We recently published

Jim Cramer Took A Side On Biggest AI Debate & Discussed These 13 Stocks. Target Corporation (NYSE:TGT) is one of the stocks discussed by Jim Cramer.

Merchandise retailer Target Corporation (NYSE:TGT)’s shares are up by 35% over the past year and by 25% year-to-date. Wells Fargo discussed the firm on May 12th as it raised the share price target to $140 from $135 and kept an Overweight rating on the stock. The bank commented that Target Corporation (NYSE:TGT) could post a strong set of first-quarter earnings results and provide investors with an upside surprise and a guidance raise. Barclays also raised the share price target to $115 from $108 on the back of an improving sales environment. Target Corporation (NYSE:TGT)’s earnings saw its $25.4 billion in revenue and $1.71 in earnings per share beat analyst estimates of $24.64 billion and $1.46. Cramer discussed the firm following the report:

“Great numbers. . .okay so they thought it was very important, I think, to give conservative guidance. . .last year was the Nintendo Switch launch, they had a fantastic Nintendo Switch launch, so it’s going to be very difficult. 4% net sales growth, guidance, reflects some moderation from Q1. . .but you gotta remember, two percentage points higher than our initial guide, which is what I care about. They just, they’re tamping down things. . .underpromise, overdeliver. I want to buy the weakness. I think Target is in a major turn. A lot of it has to do with a complete change in merchandise. . .this is a fabulous turn. . .my favorite thing, no buyback, pouring the money into stores, pouring, the stores look terrible. Some of them hadn’t been done in a decade. That’s no longer acceptable for management. And I like this management.

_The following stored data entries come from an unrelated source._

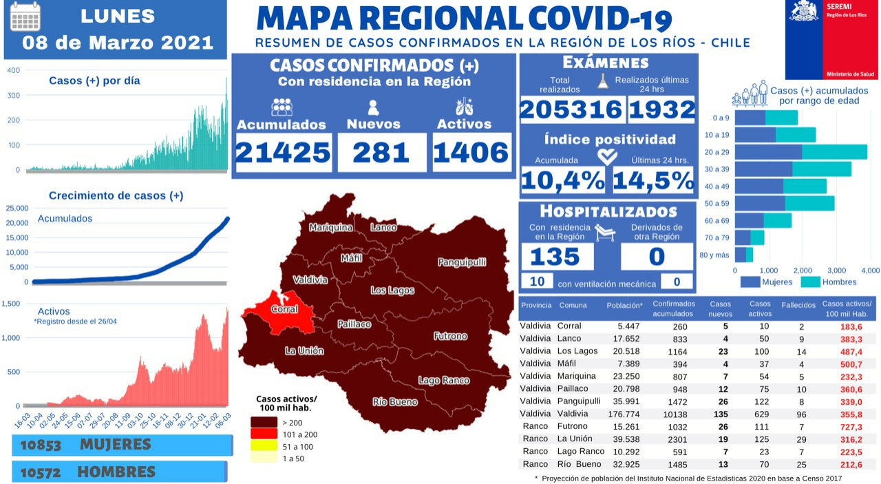 HOY!! En informe regional #Covid_19 de #LosRíos se informan 285 exámenes positivos, de ellos, 4 casos tienen residencia en las regiones de #Araucanía y la Región Metropolitana, en tanto, 281 corresponden a residentes de #LosRíos.
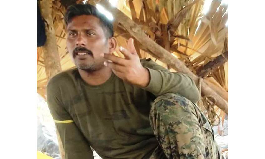 |रायपुर। छत्तीसगढ़ के बीजापुर जिले में 3 अप्रैल को हुई मुठभेड़ के बाद से एक जवान को नक्सलियों के कब्जे में बताया जा रहा है। जिसे वापिस लाने के लिए सुरक्षाबल द्वारा प्रयास किए जा रहे है। इसी बीच नक्सलियों ने अपहृत जवान की एक तस्वीर आज जारी की है। जिसमें राकेश्वर सिंह मन्हास पत्तियों से बनी एक झोपड़ी में बैठे हुए दिखाई दे रहे हैं।
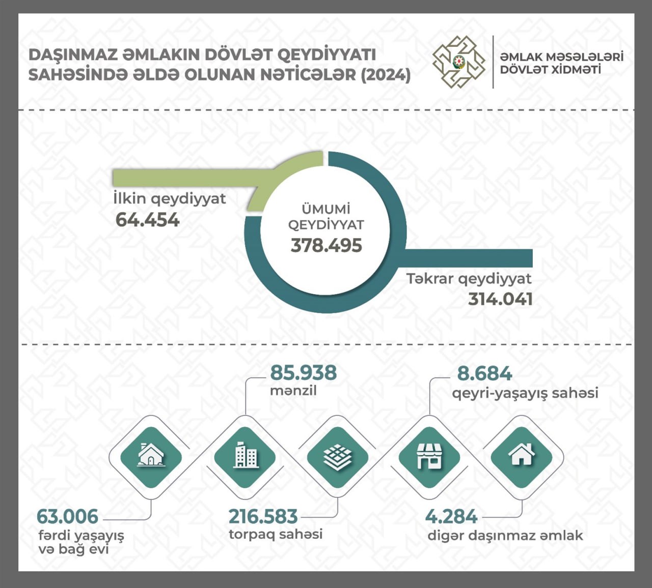 2024-cü il ərzində daşınmaz əmlak üzərində 378 495 mülkiyyət hüququ qeydiyyata alınaraq çıxarışla təmin edilib.

“I was going over fashion with them. . .they have just blown up the product line. It is so much better than even a year ago. So don’t lose faith on that conservative guidance. They have it now. Now are they the old target? I mean everyone thinks they’re a shadow of their former self. It doesn’t have to be like that.”

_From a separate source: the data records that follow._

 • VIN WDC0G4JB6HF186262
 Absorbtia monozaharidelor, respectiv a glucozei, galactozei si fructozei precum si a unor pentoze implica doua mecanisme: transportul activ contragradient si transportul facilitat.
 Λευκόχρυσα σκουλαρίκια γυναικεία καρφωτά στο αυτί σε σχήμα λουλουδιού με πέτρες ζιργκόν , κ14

Jim Cramer Can’t Help But Be Impressed By Target (TGT)

While we acknowledge the potential of TGT as an investment, we believe certain AI stocks offer greater upside potential and carry less downside risk. If you’re looking for an extremely undervalued AI stock that also stands to benefit significantly from Trump-era tariffs and the onshoring trend, see our free report on the best short-term AI stock.

READ NEXT: 33 Stocks That Should Double in 3 Years and Cathie Wood 2026 Portfolio: 10 Best Stocks to Buy. 

Disclosure: None. Follow Insider Monkey on Google News.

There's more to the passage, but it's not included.